It isn't that I have a simple view of human behavior, it's that you're not understanding simple concepts, and your idea is unfortunately so fatally flawed that it is simple to explain why it fails.

Pfhorrest wrote:
Tyndmyr wrote:There is no meaningful economic difference between the government holding 50% of the stock of all corporations in perpetuity to collect half the profit via dividends and taxing them all at 50%.

But there's a super important political and ethical difference, the one that you profess to care most about. If the government taxes people, it's stealing what is rightfully theirs on threat of violence. But if the government owns stock and collects dividends, they're just peacefully collecting the rightful proceeds of their property-ownership.

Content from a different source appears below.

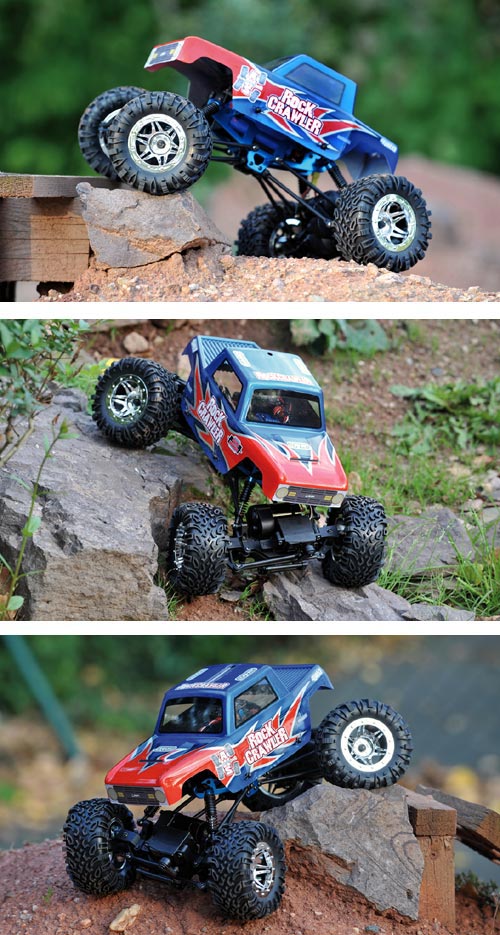 Dank extrem stabilem Fahrgestell mit zwei vertikalen Chassisplatten aus blau eloxiertem Aluminium, drehend gelagerten Öl-Druckstoßdämpfern und unfassbar (hohen) großen Federwegen besitzt der Rock Crawler eine unvergleichliche Geländegängigkeit – in Zahlen: 51° Achsverschränkung, 51° Steigfähigkeit und 47° Rampenwinkel. Für den nötigen Vortrieb sorgt ein speziell entwickelter Antrieb mit zwei Sperrdifferentialen für maximalen Vortrieb in jeder Situation. Zusammen mit dem permanenten Allradantrieb aus 2 speziellen 380er Crawling Motoren mit höchstem Drehmoment auch bei niedriger Drehzahl (sowie 2 Sperrdifferentiale) treibt es den Rock Crawler auch in dem unwegsamsten Terrain unaufhaltsam vorwärts.

If they're just taking the stock/dividends and declaring it theirs, it is no more or less peaceful than taxation. How could it differ?

Even if it were a forced sale, that's still coercion. A transaction isn't freely made unless both parties can legally say no.

Pfhorrest wrote: But from what you've said in this thread, we could let it go on stealing for a while in a manner that causes it to accrue ownership of enough profit-generating capital that it doesn't need to steal anymore, and then a generation or two from now say that that's all water under the bridge and there's nothing to be done about it now (then), they're the rightful owners now (in the future) even if they got that way via theft generations ago (now).


You burning the evidence implicating criminals would prevent their crimes from being redressed in the future, and the responsibility for that wrong would rest not on the future people who are unable to fix your misdeeds, but upon you.

One does not fix past misdeeds by wronging others. Even if you cover it up.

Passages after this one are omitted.